Under this line is some data; print exactly the lines from the one containing "Zľava: Držiteľ bieleho" through its last line, without pictures.

DATASET CONTENT >>
== Segment start ==

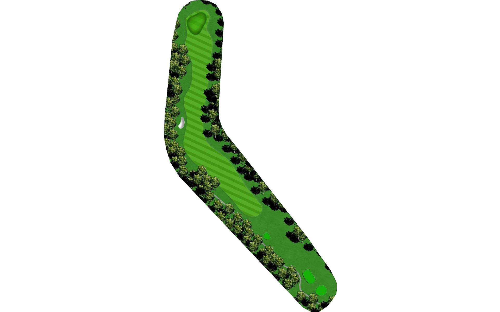 A dogleg right with a slight uphill second shot. You may want to keep the driver in the bag on this hole as positioning is more important than distance. You can usually play from the penalty area to the right off the tee but you'll have to bend it quite a bit if you're looking to make par.
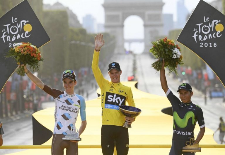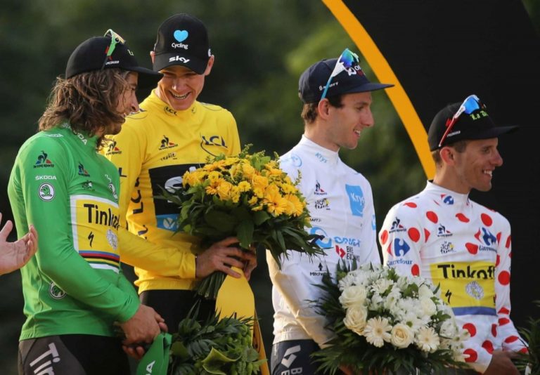 Zľava: Držiteľ bieleho dresu pre najlepšieho jazdca do 25 rokov Adam Yates, víťaz Tour de France Christopher Froome a držiteľ zeleného dresu za triumf v bodovacej súťaži Peter Sagan počas 21. etapy zo Chantilly do Paríža s cieľom na Elyzejských poliach. Foto: SITA/AP
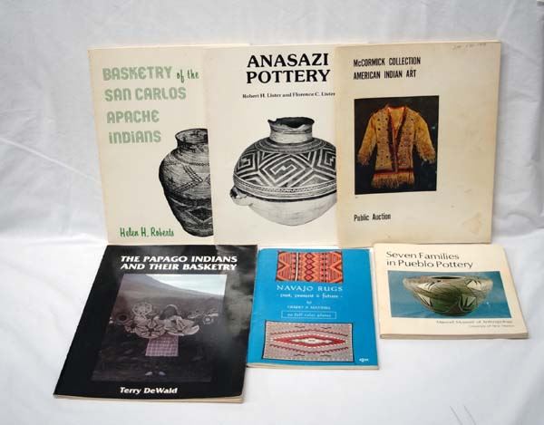 Softback Reference Books, Native American Interest, largest measures 8.5'' x 11'', 1. Seven Families in Pueblo Pottery Maxwell Museum of Anthropology Unitersity of New Mexico Press, c. 1974, 112pgs. 2. Navajo Rugs-Past, Present, & Future by Gilbert S. Maxwell, 1971 Best-West Publications, 72pgs. 3. McCormick Collection American Indian Art Public Auction Catalog 1974 4. Basketry of the San Carlos Apache Indians by Helen H. Roberts, c. 1972 Rio Grande Press, 218pgs. 5. The Papago Indians and Their Baskets by Terry DeWald, c. 1979 Terry DeWald Publications, 48pgs. 6. Anasazi Pottery by Robert H. Lister and Florence C. Lister, c. 1978 Maxwell Museum of Anthropology and the University of New Mexico Press, 94pgs.

== Segment end ==

SOLUTION BELOW >>
 Zľava: Držiteľ bieleho dresu pre najlepšieho jazdca do 25 rokov Adam Yates, víťaz Tour de France Christopher Froome a držiteľ zeleného dresu za triumf v bodovacej súťaži Peter Sagan počas 21. etapy zo Chantilly do Paríža s cieľom na Elyzejských poliach. Foto: SITA/AP
 Softback Reference Books, Native American Interest, largest measures 8.5'' x 11'', 1. Seven Families in Pueblo Pottery Maxwell Museum of Anthropology Unitersity of New Mexico Press, c. 1974, 112pgs. 2. Navajo Rugs-Past, Present, & Future by Gilbert S. Maxwell, 1971 Best-West Publications, 72pgs. 3. McCormick Collection American Indian Art Public Auction Catalog 1974 4. Basketry of the San Carlos Apache Indians by Helen H. Roberts, c. 1972 Rio Grande Press, 218pgs. 5. The Papago Indians and Their Baskets by Terry DeWald, c. 1979 Terry DeWald Publications, 48pgs. 6. Anasazi Pottery by Robert H. Lister and Florence C. Lister, c. 1978 Maxwell Museum of Anthropology and the University of New Mexico Press, 94pgs.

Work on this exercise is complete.